Мы сели к столику, стали крутить бокалы – я не знал, о чем говорить с ним. Вряд ли я познакомился бы с Генри и с Сарой, если бы не начал в 1939 году роман о крупном чиновнике. Как-то, споря с Уолтером Безан-гом. Генри Джеймс сказал, что настоящей писательнице достаточно пройти мимо казармы, чтобы написать роман о гвардейцах; я же думаю, что рано или поздно ей надо с гвардейцем переспать. Конечно, с Генри я не спал, но сделал, что мог. В первый же вечер, когда я повел Сару в ресторан, я твердо и холодно решил расспросить как следует жену чиновника. Она этого не знала; она думала, что я искренне интересуюсь ее жизнью, и, наверное, из-за этого я ей понравился. Я спрашивал, когда Генри завтракает, как ездит на службу – в метро, в автобусе, в такси? – приносит ли домой работу, есть ли у него портфель с гербом. Так мы подружились – она была рада, что кто-то всерьез о [носится к Генри. Он человек значительный, как значителен слон,– он крупный чиновник; но есть значительность, к которой очень трудно относиться всерьез. Служил он в министерстве социального обеспечения, которое называли министерством домашнего очага, и позже я смеялся над этим в те минуты, когда по злобе хватаешь любое оружие. Я нарочно сказал Саре, что спрашивал про Генри только для книги, чтобы его описать, а персонаж – нелепый, комический. Тогда и разлюбила она мой роман. Она была на редкость предана мужу, ничего не скажешь, и в темные часы, когда бес овладевал моим разумом, я злился на безобидного Генри, выдумывал сцены, которые стыдно записать. Однажды Сара провела у меня целую ночь (я ждал этого, как ждет писатель последнего слова книги), и моя случайная фраза испортила то, что иногда казалось нам полным счастьем. Часа в два я уснул, проснулся в три и разбудил Сару, положив ей руку на плечо. Наверное, я хотел все уладить, пока моя жертва не повернула ко мне прелестное заспанное лицо. Она глядела доверчиво, она забыла ссору, и даже это разозлило меня. Какие мы, люди, плохие, а еще говорят, что нас создал Бог! Мне трудно представить Бога, который не прост, как уравнение, не ясен, как воздух. Я сказал ей: «Лежу, думаю о пятой главе. Жует Генри кофе перед важным заседанием?» Она покачала головой и тихо заплакала, а я, конечно, сделал вид, что удивляюсь – – что тут такого, я думаю о моем герое, Генри обидеть не хотел, самые симпатичные люди жуют кофейные зерна, и так далее. Она выплакалась и уснула. Ока вообще крепко спала, и даже на это я сердился.

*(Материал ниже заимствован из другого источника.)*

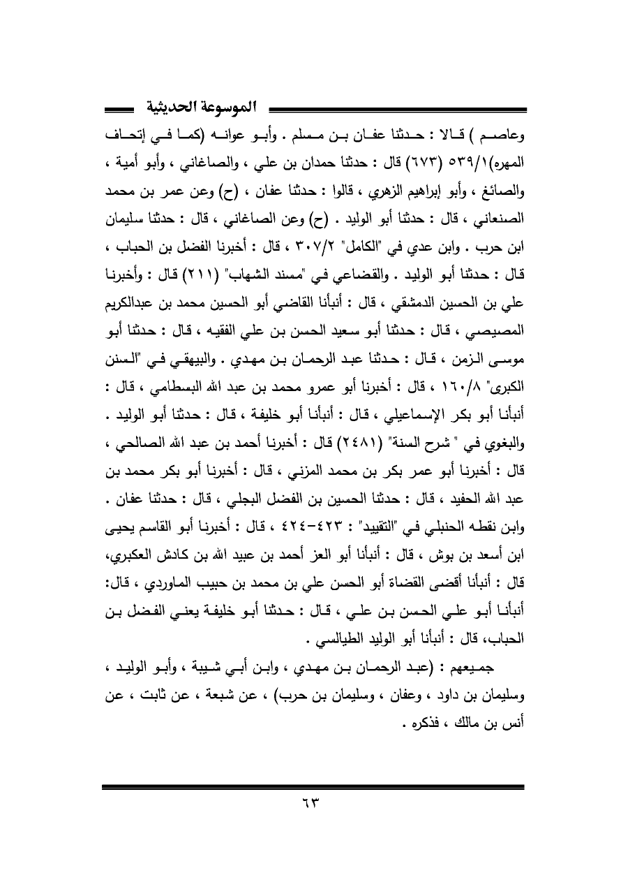 وعاصم) قالا: حدثنا عفان بن مسلم. وأبو عوانه (كما في إتحاف المهرة) ١/ ٥٣٩ (٦٧٣) قال: حدثنا حمدان بن علي، والصاغاني، وأبو أمية، والصائغ، وأبو إبراهيم الزهري، قالوا: حدثنا عفان، (ح) وعن عمر بن محمد الصنعاني، قال: حدثنا أبو الوليد. (ح) وعن الصاغاني، قال: حدثنا سليمان بن حرب. وابن عدي في "الكامل" ٢/ ٣٠٧، قال: أخبرنا الفضل بن الحباب، قال: حدثنا أبو الوليد. والقضاعي في "مسند الشهاب" (٢١١) قال: وأخبرنا علي بن الحسين الدمشقي، قال: أنبأنا القاضي أبو الحسين محمد بن عبد الكريم المصيصي، قال: حدثنا أبو سعيد الحسن بن علي الفقيه، قال: حدثنا أبو موسى الزمن، قال: حدثنا عبد الرحمان بن مهدي. والبيهقي في "السنن الكبرى" ٨/ ١٦٠، قال: أخبرنا أبو عمرو محمد بن عبد الله البسطامي، قال: أنبأنا أبو بكر الإسماعيلي، قال: أنبأنا أبو خليفة، قال: حدثنا أبو الوليد. والبغوي في "شرح السنة" (٢٤٨١) قال: أخبرنا أحمد بن عبد الله الصالحي، قال: أخبرنا أبو عمر بكر بن محمد المزني، قال: أخبرنا أبو بكر محمد بن عبد الله الحفيد، قال: حدثنا الحسين بن الفضل البجلي، قال: حدثنا عفان. وابن نقطه الحنبلي في "التقييد": ٤٢٣ - ٤٢٤، قال: أخبرنا أبو القاسم يحيى بن أسعد بن بوش، قال: أنبأنا أبو العز أحمد بن عبيد الله بن كادش العكبري، قال: أنبأنا أقضى القضاة أبو الحسن علي بن محمد بن حبيب الماوردي، قال: أنبأنا أبو علي الحسن بن علي، قال: حدثنا أبو خليفة يعني الفضل بن الحباب، قال: أنبأنا أبو الوليد الطيالسي.
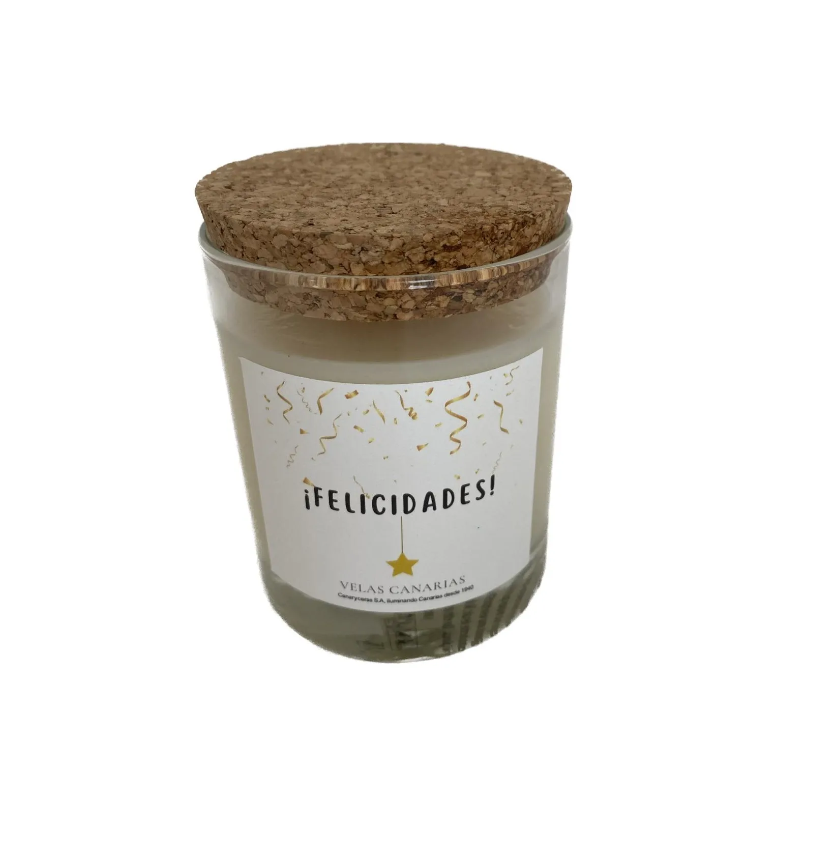 Vela en vaso vertida a mano en Tenerife con mensaje a elegir. Duración aproximada de 35h
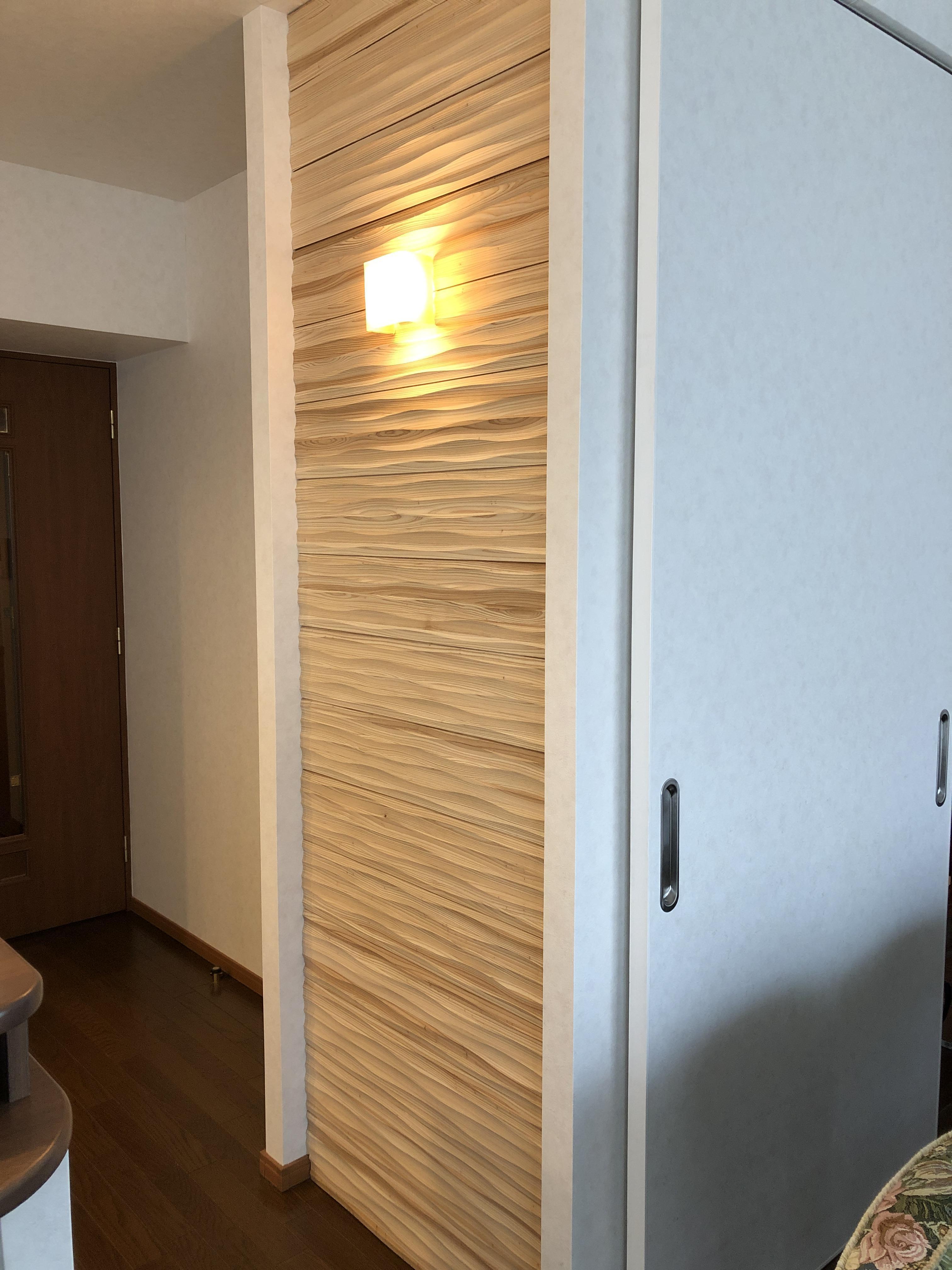 取れない壁8cm分に壁装飾朝日ウッドテックのクールジャパンを採用陰影のある壁材だから、ブラケットのほんわか明かりが、夜のお部屋空間を素敵にしてくれます。
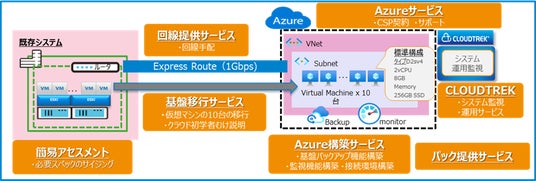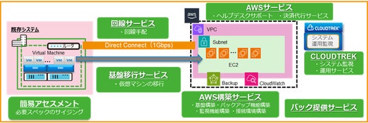 - 内容:簡易アセスメント、オンボード支援、クラウド基盤構築、移行作業、運用監視、専用回線
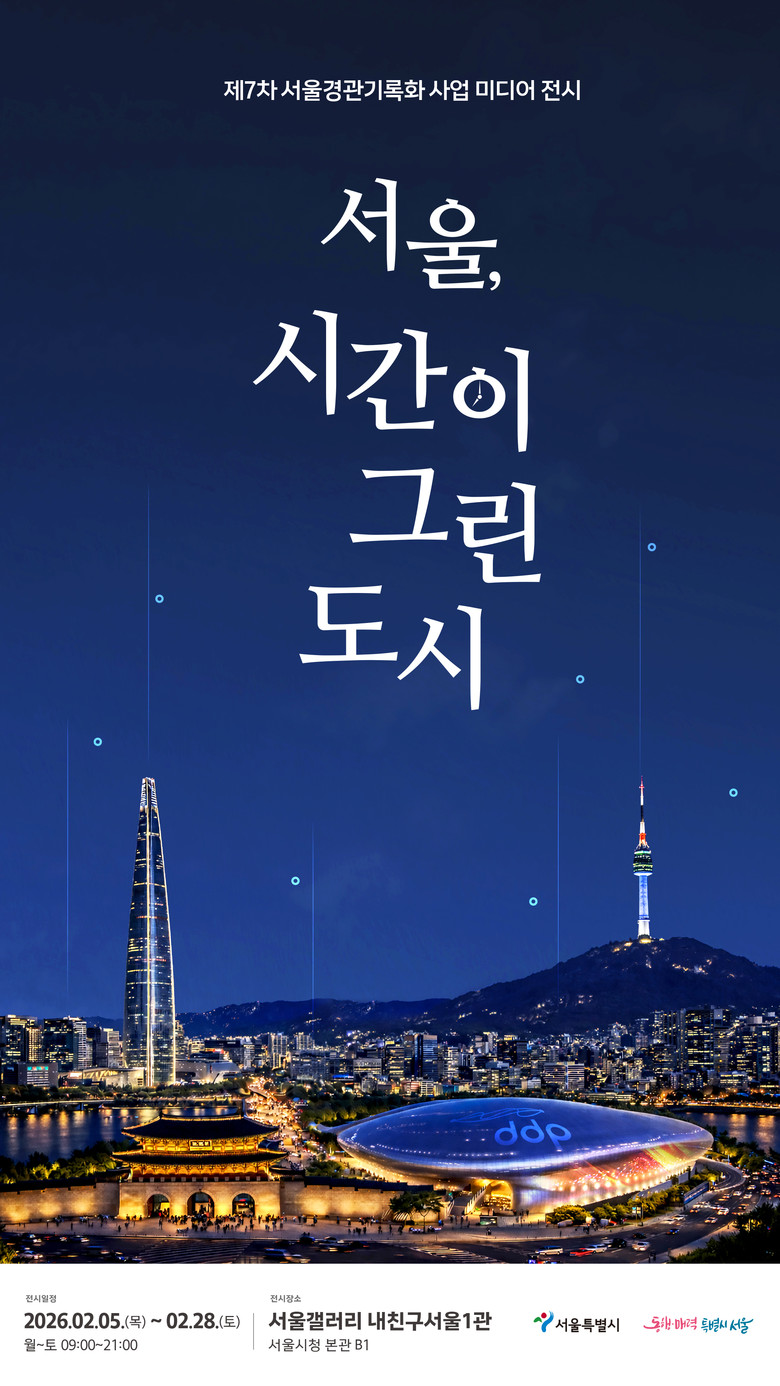 서울시는 1995년부터 축적해 온 도시의 역동적 변천사를 집대성하여 제7차 경관기록화 전시회 「서울, 시간이 그린 도시」를 2월 5일(목)부터 ‘서울갤러리 내친구서울 1관(서울시청 지하 1층)’에서 진행하고 있다.

Генри быстро выпил ром, печально глядя на розовые и оранжевые ленты. Я спросил:
– Как провели Рождество? – И он ответил:
– Очень мило, очень мило.
– Дома?
Генри посмотрел на меня, как будто удивился, что я произношу это слово.
– Конечно.
– А Сара в порядке?
– Да.
– Еще рому?
– Теперь я закажу.
Пока он заказывал, я пошел в уборную. Стены были исписаны. Я прочитал: «Чтоб ты лопнул со своей грудастой бабой!», «Доброй вам гонореи, счастливого сифилиса»,– и поскорей вернулся к веселому серпантину. Иногда я слишком ясно вижу себя в других, и беспокоюсь, и очень хочу поверить в святость, в высокую добродетель.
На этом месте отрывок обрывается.